## How to complete this task
Once you find the line with "2-Light Ceiling Light" in the listing below, set down exactly every line from it through the line with "Simultaneously lifts the", but no pictures.

+++ Information given +++

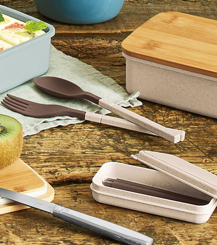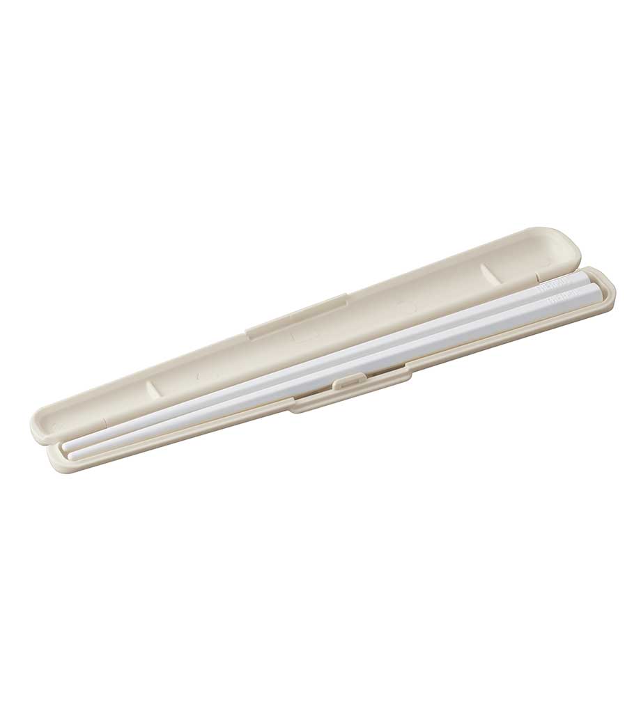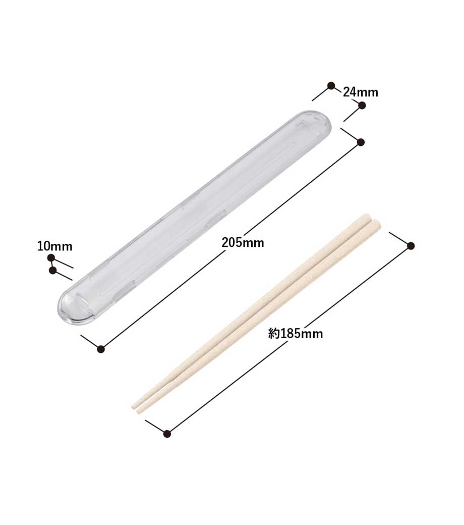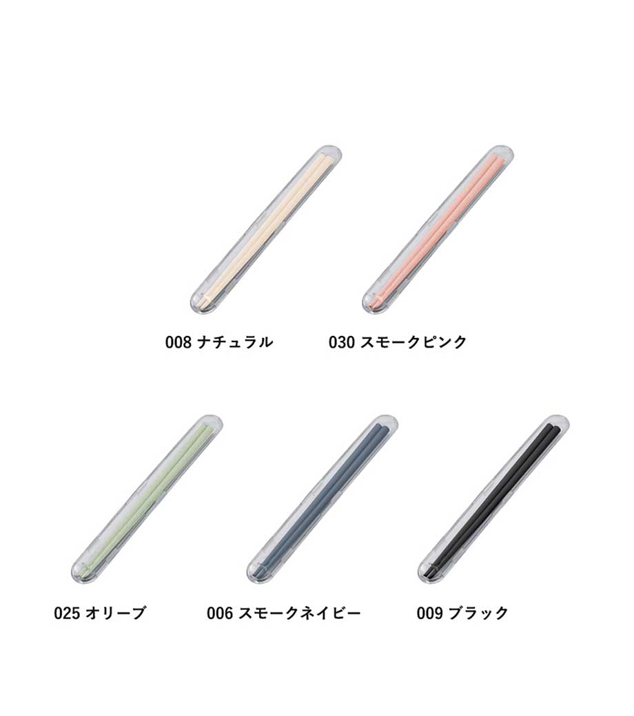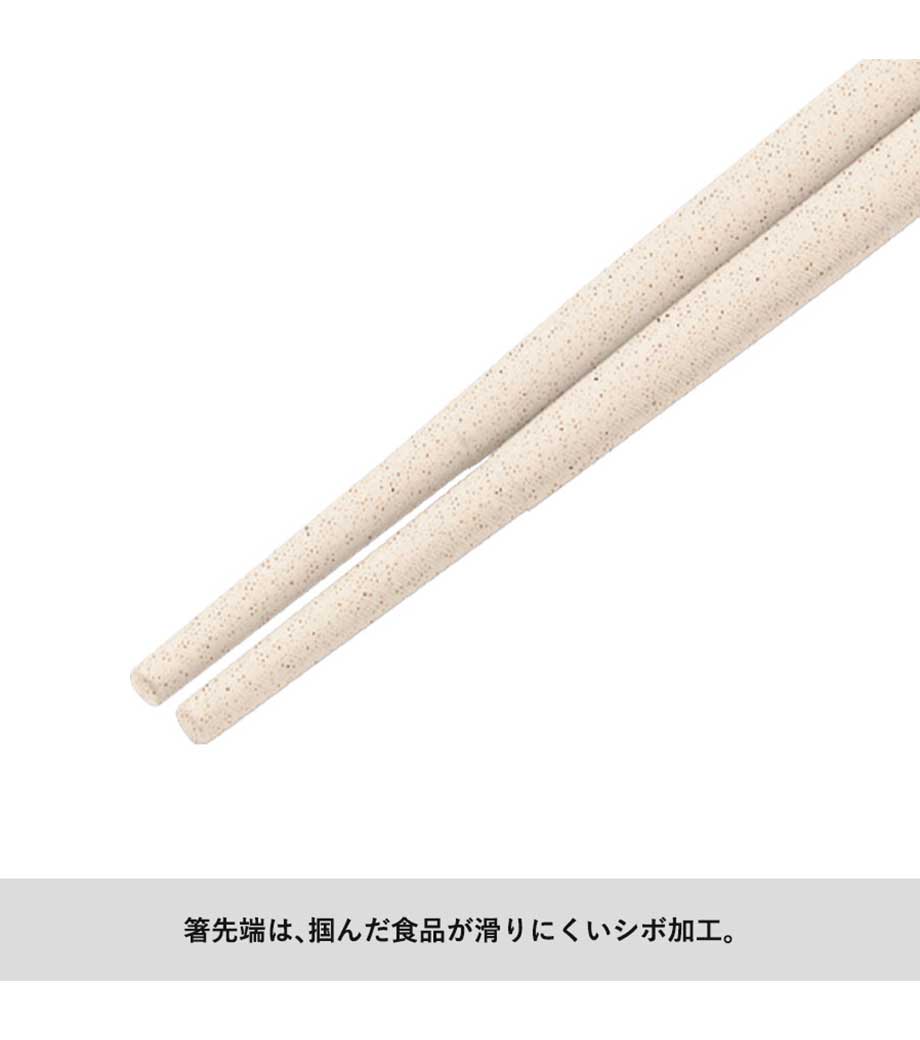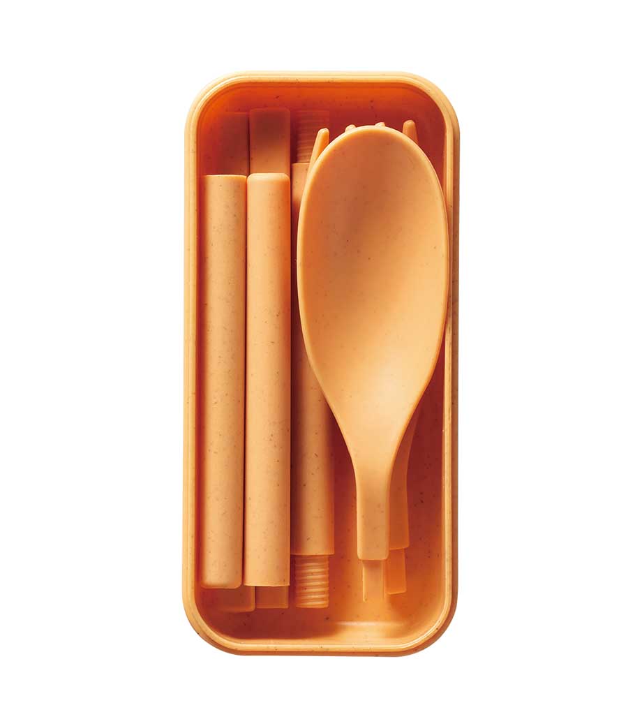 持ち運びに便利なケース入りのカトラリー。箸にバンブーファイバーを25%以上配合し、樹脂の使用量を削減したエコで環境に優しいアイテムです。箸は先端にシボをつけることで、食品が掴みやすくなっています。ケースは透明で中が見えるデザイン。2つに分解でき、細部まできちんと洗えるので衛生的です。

+++
+++ Information given +++

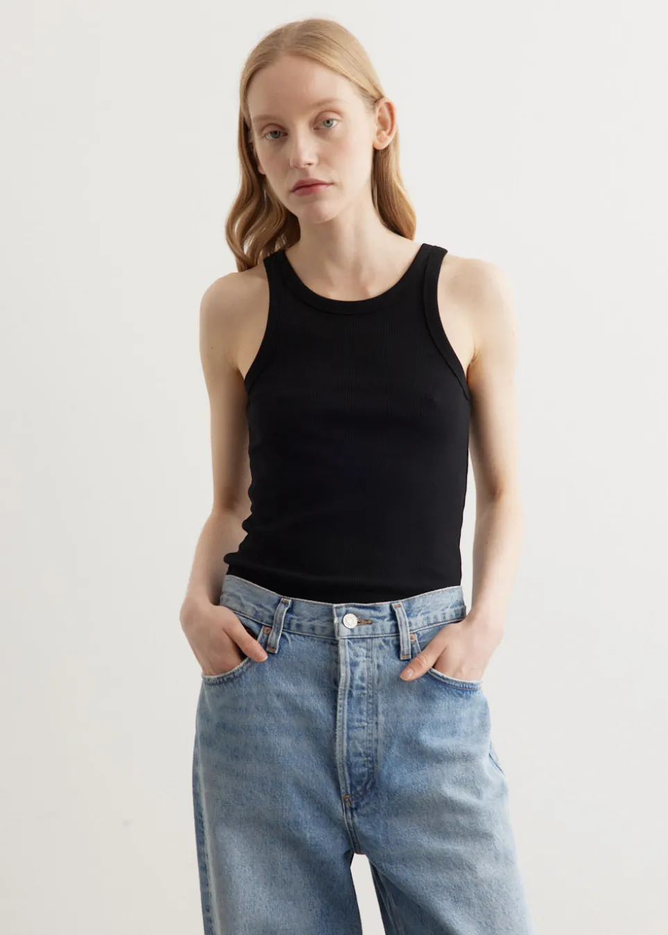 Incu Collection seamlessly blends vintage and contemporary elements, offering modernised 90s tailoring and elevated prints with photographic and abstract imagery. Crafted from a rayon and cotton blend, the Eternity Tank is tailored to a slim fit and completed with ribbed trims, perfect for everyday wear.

+++
+++ Information given +++

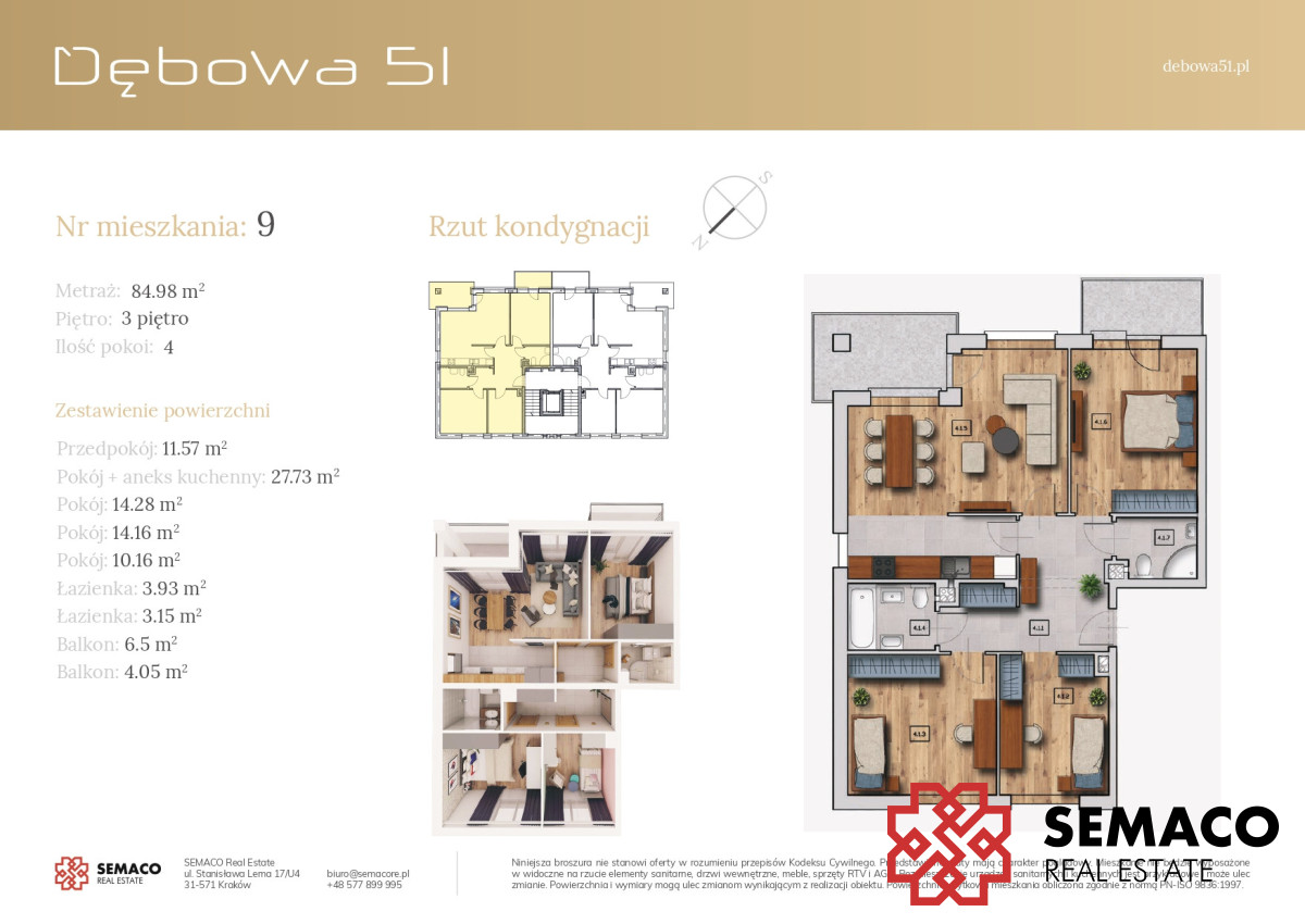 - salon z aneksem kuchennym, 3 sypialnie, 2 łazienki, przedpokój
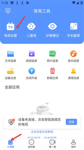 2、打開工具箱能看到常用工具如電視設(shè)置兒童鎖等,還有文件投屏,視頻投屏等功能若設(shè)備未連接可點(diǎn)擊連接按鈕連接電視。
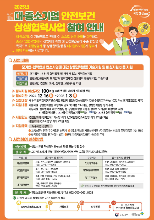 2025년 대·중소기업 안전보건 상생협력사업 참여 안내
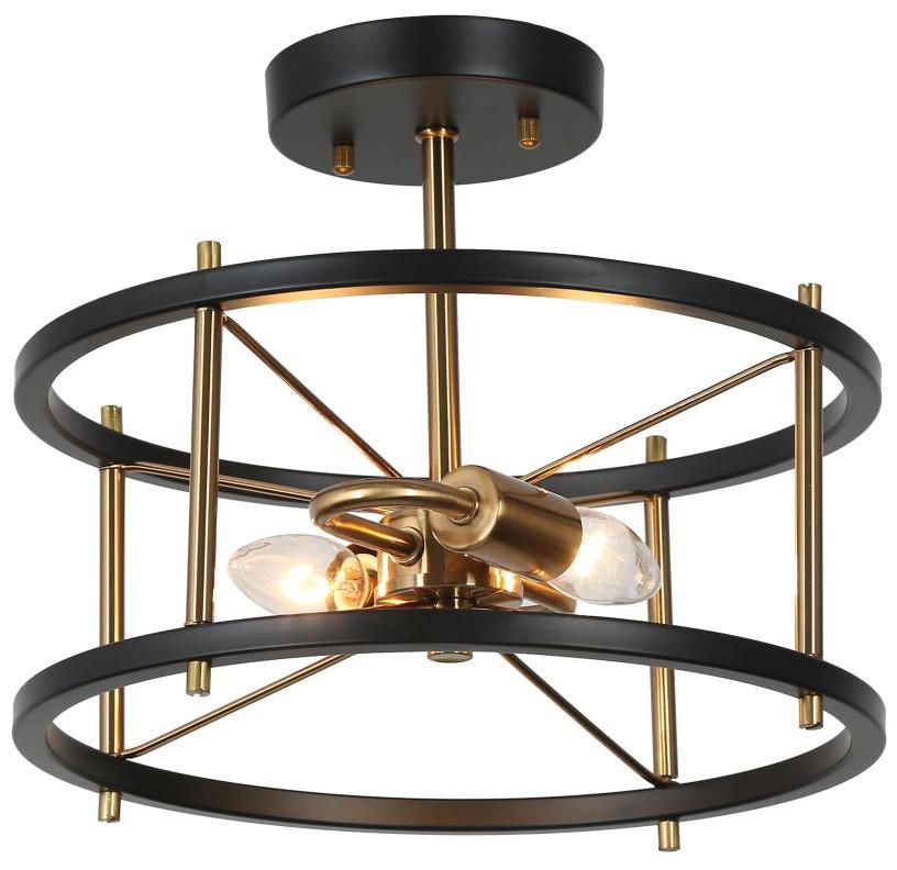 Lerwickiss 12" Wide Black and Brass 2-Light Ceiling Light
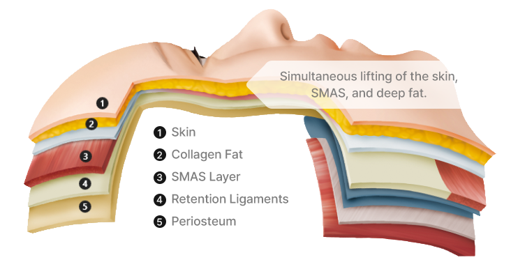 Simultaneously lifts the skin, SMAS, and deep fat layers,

+++

## Written answer
 Lerwickiss 12" Wide Black and Brass 2-Light Ceiling Light
 Simultaneously lifts the skin, SMAS, and deep fat layers,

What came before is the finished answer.